> **TASK TO CARRY OUT**: Only the lines below between the one holding "9 ENG Steem" and the one holding "この制度は、県外在住の学生や", inclusive, are to be reproduced word for word; the pictures are to be left out.

### SOURCE DATA ###

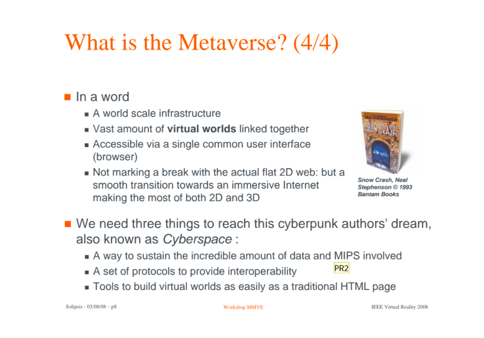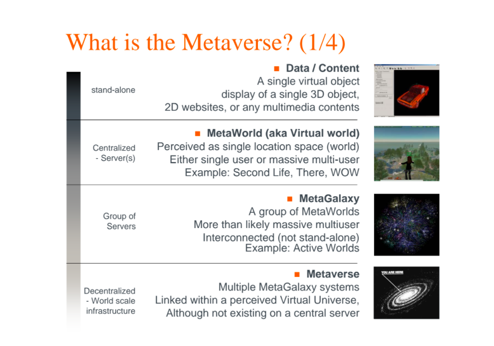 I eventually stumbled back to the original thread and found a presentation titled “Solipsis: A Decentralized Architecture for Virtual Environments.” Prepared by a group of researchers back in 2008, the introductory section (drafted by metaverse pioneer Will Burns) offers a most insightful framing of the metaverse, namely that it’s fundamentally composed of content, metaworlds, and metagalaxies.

###
### SOURCE DATA ###

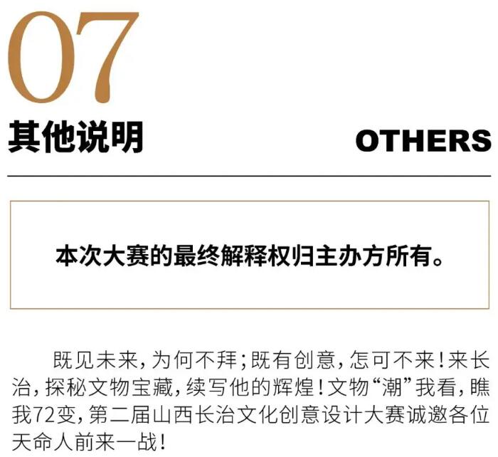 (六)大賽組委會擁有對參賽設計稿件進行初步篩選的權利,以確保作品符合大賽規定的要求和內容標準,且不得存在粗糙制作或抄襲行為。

###
### SOURCE DATA ###

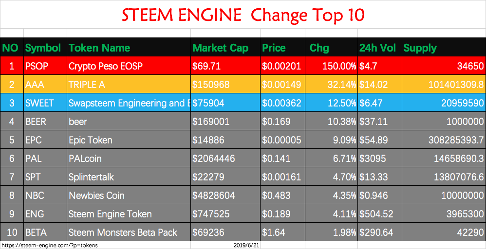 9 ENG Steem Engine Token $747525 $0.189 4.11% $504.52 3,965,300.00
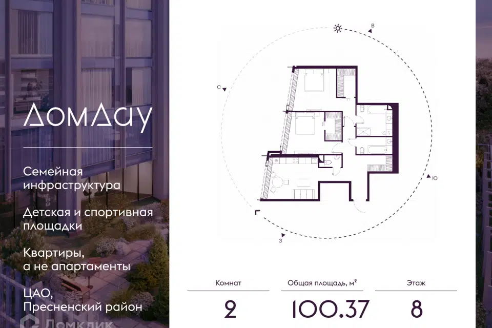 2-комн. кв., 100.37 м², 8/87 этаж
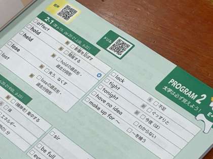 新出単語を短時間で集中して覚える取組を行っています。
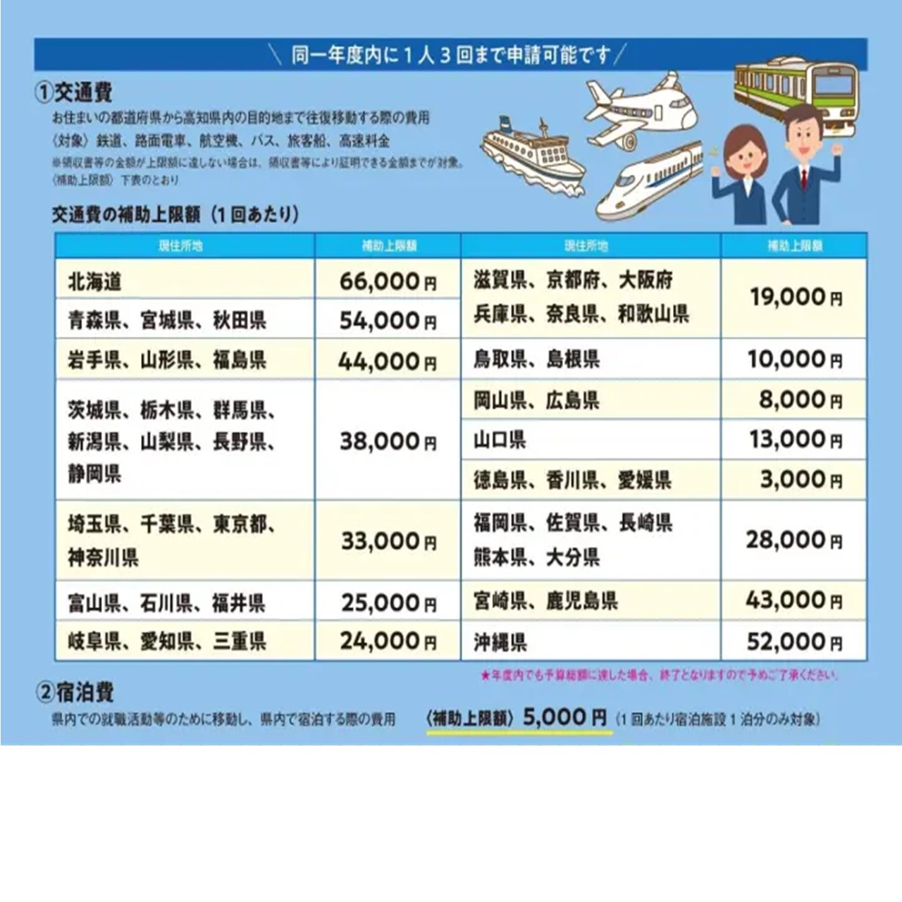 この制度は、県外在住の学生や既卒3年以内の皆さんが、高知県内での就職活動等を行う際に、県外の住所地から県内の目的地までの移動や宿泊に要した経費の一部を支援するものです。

###

> **EXPECTED ANSWER**:
 9 ENG Steem Engine Token $747525 $0.189 4.11% $504.52 3,965,300.00
 2-комн. кв., 100.37 м², 8/87 этаж
 新出単語を短時間で集中して覚える取組を行っています。
 この制度は、県外在住の学生や既卒3年以内の皆さんが、高知県内での就職活動等を行う際に、県外の住所地から県内の目的地までの移動や宿泊に要した経費の一部を支援するものです。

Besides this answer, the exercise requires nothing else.